> What you are asked to do
The data below should be restated word for word, pictures omitted.

> Provided data
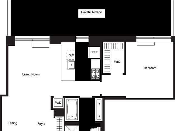 Spacious 1 Bedroom, 1 Bath with a private terrace, high ceilings, a gourmet pass-through kitchen, walk-in closet, double vanity, deep soaking tub and stall shower combo, in-home washer/dryer, upgraded strip wood flooring, and northern exposure with views of the garden.*This is a lease reassignment as of November, and the apartment will be delivered in as in condition. The scheduled lease end date of this assignment is December 31, 2025 with the option to renew for 12 months. Please note there is also an increase of rent as of December 1, 2025 of $136 per month.*
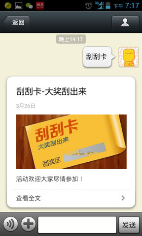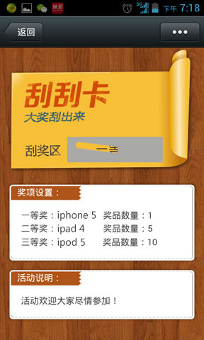 刮刮卡活動(dòng),直接發(fā)布刮刮卡活動(dòng),設(shè)置活動(dòng)內(nèi)容、獎(jiǎng)項(xiàng)及中將比例,帶給粉絲完全不同的感受。輸入“刮刮卡”體驗(yàn)此互動(dòng)活動(dòng)
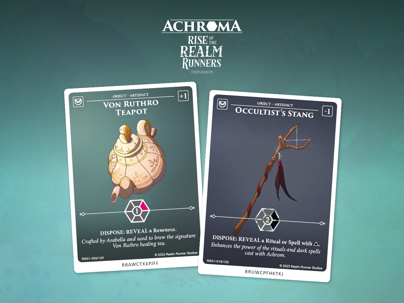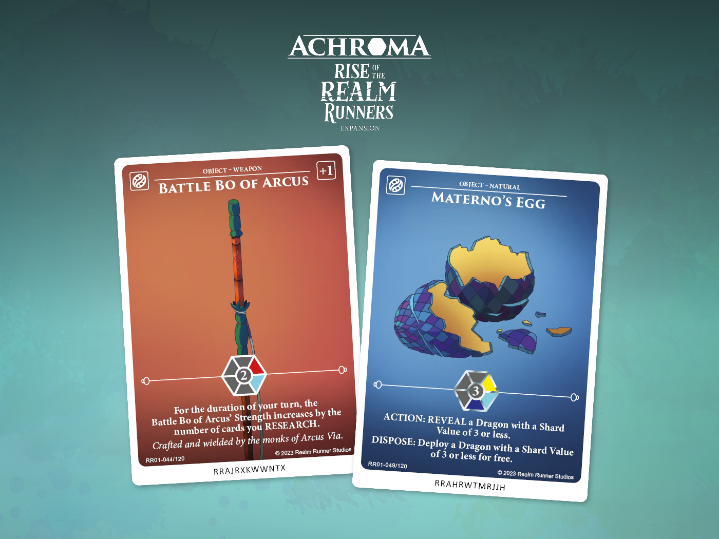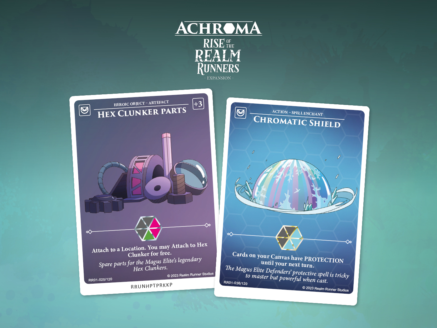 The winner with these cards is probably achrom. Of the 4 realm rifts and 4 realm runes, achrom get one of each, while the rifts belong to dark blue, green, and pink, and the runes belong to red, yellow, and pale blue. Sure, chroma decks play a mix of colours. But it’s just much easier to stick to one colour when you’re talking about achrom. That being said, a clever build could really utilise the rifts to pull specific cards from their deck, by only including a handful of powerful cards with the target Δ colour, a trick that achrom can’t use because all their cards have an achrom Δ. More on this later.

> Solution to the exercise
 Spacious 1 Bedroom, 1 Bath with a private terrace, high ceilings, a gourmet pass-through kitchen, walk-in closet, double vanity, deep soaking tub and stall shower combo, in-home washer/dryer, upgraded strip wood flooring, and northern exposure with views of the garden.*This is a lease reassignment as of November, and the apartment will be delivered in as in condition. The scheduled lease end date of this assignment is December 31, 2025 with the option to renew for 12 months. Please note there is also an increase of rent as of December 1, 2025 of $136 per month.*
 刮刮卡活動(dòng),直接發(fā)布刮刮卡活動(dòng),設(shè)置活動(dòng)內(nèi)容、獎(jiǎng)項(xiàng)及中將比例,帶給粉絲完全不同的感受。輸入“刮刮卡”體驗(yàn)此互動(dòng)活動(dòng)
 The winner with these cards is probably achrom. Of the 4 realm rifts and 4 realm runes, achrom get one of each, while the rifts belong to dark blue, green, and pink, and the runes belong to red, yellow, and pale blue. Sure, chroma decks play a mix of colours. But it’s just much easier to stick to one colour when you’re talking about achrom. That being said, a clever build could really utilise the rifts to pull specific cards from their deck, by only including a handful of powerful cards with the target Δ colour, a trick that achrom can’t use because all their cards have an achrom Δ. More on this later.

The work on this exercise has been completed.